Quinolones: from antibiotics to autoinducers

• Published in: FEMS microbiology reviews Vol. 35; no. 2; pp. 247 - 274
• Main Authors: Heeb, Stephan, Fletcher, Matthew P, Chhabra, Siri Ram, Diggle, Stephen P, Williams, Paul, Cámara, Miguel
• Format: Journal Article
• Language: English
• Published: Oxford, UK Blackwell Publishing Ltd 01.03.2011; Blackwell; Oxford University Press
• Subjects: Anti-Bacterial Agents - metabolism; Antibiotics; Anticancer properties; Antiinfectives and antibacterials; Antimicrobial activity; Antimicrobial agents; Bacterial Proteins - genetics; Bacterial Proteins - metabolism; Bacteriology; Biological and medical sciences; Biosynthesis; Burkholderia; Chelating agents; Cytochrome; Cytochrome bc1; Cytochromes; Drug development; Fundamental and applied biological sciences. Psychology; Gene expression; Gene Expression Regulation, Bacterial; Hydroxyquinoline; Iron; Metabolites; Microbiology; Microorganisms; Miscellaneous; Population density; Pseudomonas; Pseudomonas aeruginosa; Pseudomonas aeruginosa - genetics; Pseudomonas aeruginosa - metabolism; Quinine; quinoline; quinolone; Quinolones; Quinolones - metabolism; quorum sensing; Review; Virulence; quinolone; quinoline; quorum sensing; virulence; Pseudomonadales; Antibiotic; Virulence; Bacteria; Pseudomonadaceae; Quorum sensing; Review; Burkholderia; Pseudomonas
• ISSN: 0168-6445; 1574-6976; 1574-6976
• DOI: 10.1111/j.1574-6976.2010.00247.x

Since quinine was first isolated, animals, plants and microorganisms producing a wide variety of quinolone compounds have been discovered, several of which possess medicinally interesting properties ranging from antiallergenic and anticancer to antimicrobial activities. Over the years, these have served in the development of many synthetic drugs, including the successful fluoroquinolone antibiotics.

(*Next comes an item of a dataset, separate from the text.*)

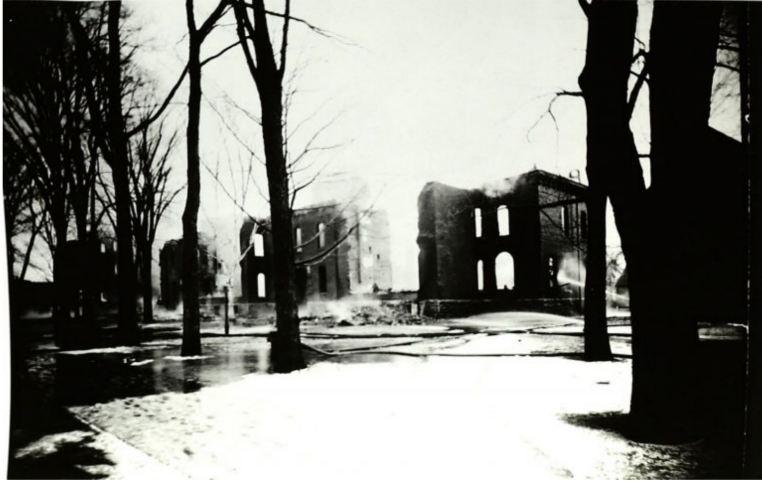
Photograph of the Ruins February 28th, 1919

the administrators and school officials had a decision to make- will the school move to Randall Flats or up on the Hill? Spoiler alert- "The Hill" was chosen. Also important to note- the students at Cortland Normal School resumed their studies on Monday- two days after the fire occurred.

Pseudomonas aeruginosa and related bacteria produce a number of 2-alkyl-4(1H)-quinolones, some of which exhibit antimicrobial activity. However, quinolones such as the Pseudomonas quinolone signal and 2-heptyl-4-hydroxyquinoline act as quorum-sensing signal molecules, controlling the expression of many virulence genes as a function of cell population density. Here, we review selectively this extensive family of bicyclic compounds, from natural and synthetic antimicrobials to signalling molecules, with a special emphasis on the biology of P. aeruginosa. In particular, we review their nomenclature and biochemistry, their multiple properties as membrane-interacting compounds, inhibitors of the cytochrome bc₁ complex and iron chelators, as well as the regulation of their biosynthesis and their integration into the intricate quorum-sensing regulatory networks governing virulence and secondary metabolite gene expression.